The task → From the entries below, reproduce exactly the lines from the one with "Oriental Rug FWR458094" through the one with "今年初めて雪化粧をしたが道路", both included, without images.

Source data →
------------------------------

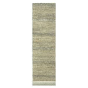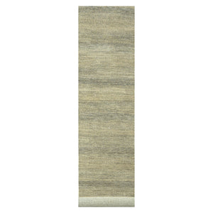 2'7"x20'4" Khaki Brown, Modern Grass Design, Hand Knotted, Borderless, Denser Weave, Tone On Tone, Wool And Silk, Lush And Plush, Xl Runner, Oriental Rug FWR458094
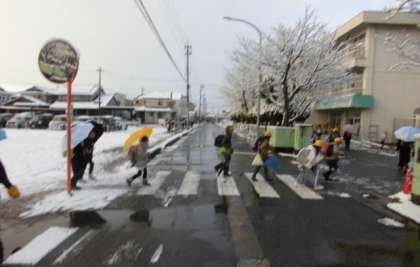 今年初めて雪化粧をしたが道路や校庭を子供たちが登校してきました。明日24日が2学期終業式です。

------------------------------

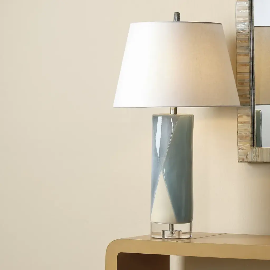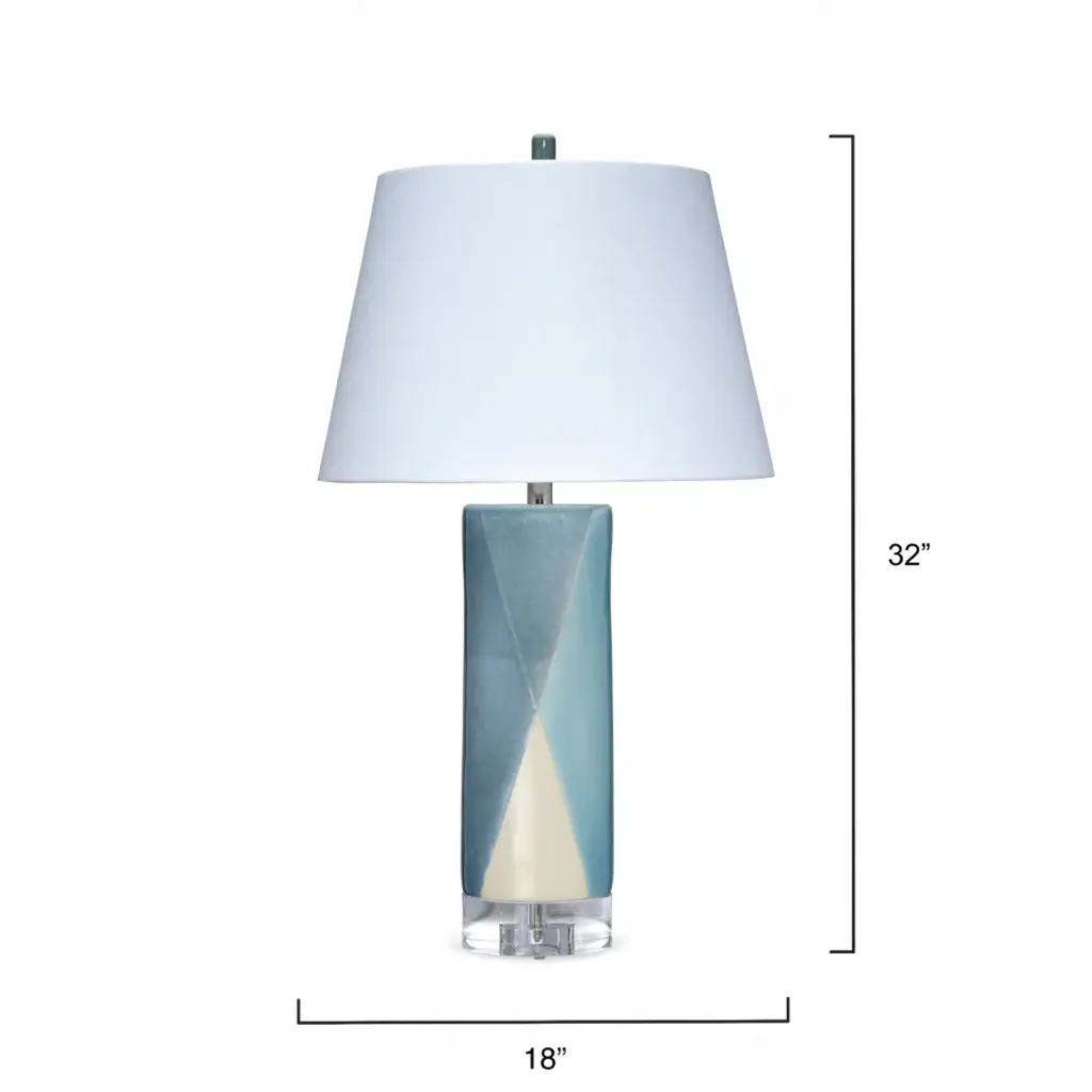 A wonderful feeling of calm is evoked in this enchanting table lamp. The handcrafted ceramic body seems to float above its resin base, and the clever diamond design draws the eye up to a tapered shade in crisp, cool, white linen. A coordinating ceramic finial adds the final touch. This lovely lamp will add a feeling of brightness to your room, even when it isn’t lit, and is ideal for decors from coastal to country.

------------------------------

Exercise result →
 2'7"x20'4" Khaki Brown, Modern Grass Design, Hand Knotted, Borderless, Denser Weave, Tone On Tone, Wool And Silk, Lush And Plush, Xl Runner, Oriental Rug FWR458094
 今年初めて雪化粧をしたが道路や校庭を子供たちが登校してきました。明日24日が2学期終業式です。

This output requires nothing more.